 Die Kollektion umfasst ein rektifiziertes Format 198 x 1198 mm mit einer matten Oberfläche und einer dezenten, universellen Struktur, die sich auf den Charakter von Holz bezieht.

--

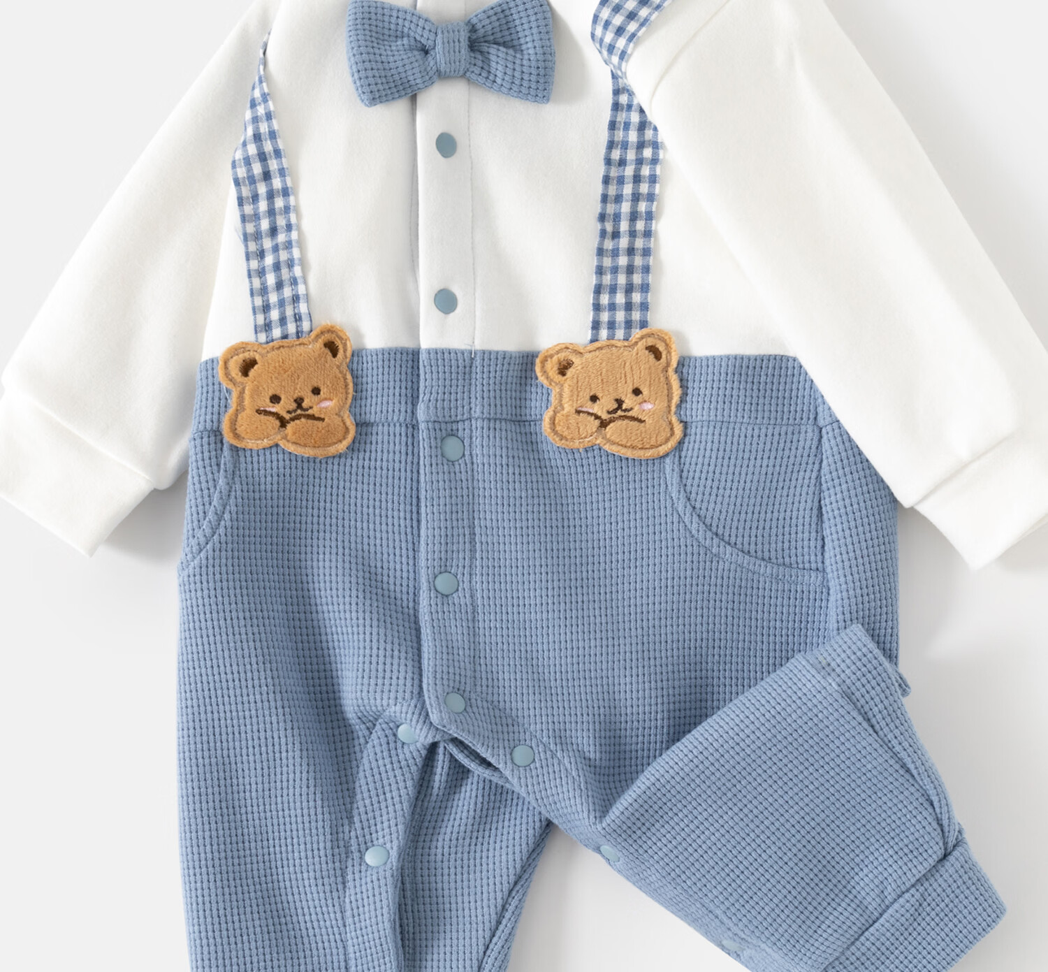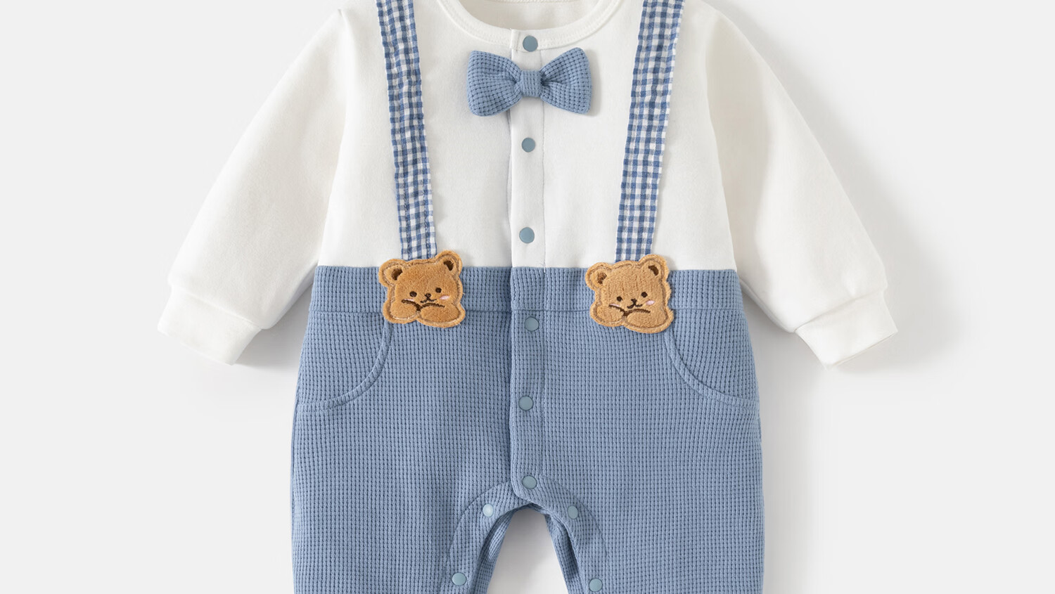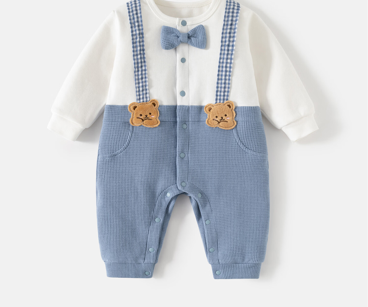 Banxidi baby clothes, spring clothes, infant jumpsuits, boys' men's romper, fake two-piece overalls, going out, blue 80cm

---

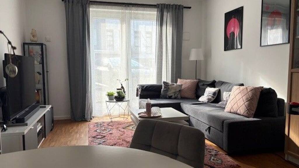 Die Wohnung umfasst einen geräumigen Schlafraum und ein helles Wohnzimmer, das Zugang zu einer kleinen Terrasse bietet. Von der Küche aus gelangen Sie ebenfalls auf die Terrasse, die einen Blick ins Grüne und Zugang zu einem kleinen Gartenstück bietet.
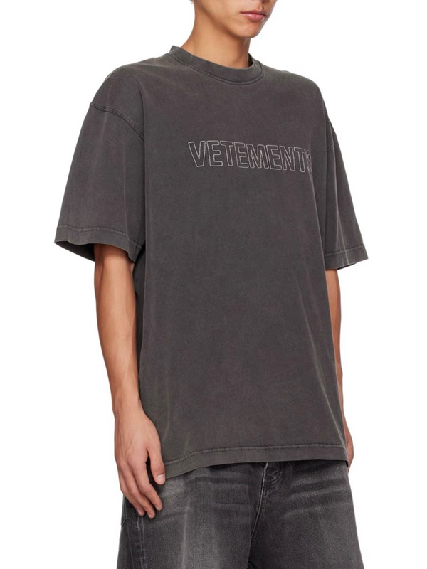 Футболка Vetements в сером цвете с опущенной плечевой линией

- **Exercise instructions**:
Extract from the material above the stretch running from the line containing "Die Wohnung umfasst" through the line containing "Футболка Vetements в". Keep the text exact and the pictures out.

- **Exercise response**:
 Die Wohnung umfasst einen geräumigen Schlafraum und ein helles Wohnzimmer, das Zugang zu einer kleinen Terrasse bietet. Von der Küche aus gelangen Sie ebenfalls auf die Terrasse, die einen Blick ins Grüne und Zugang zu einem kleinen Gartenstück bietet.
 Футболка Vetements в сером цвете с опущенной плечевой линией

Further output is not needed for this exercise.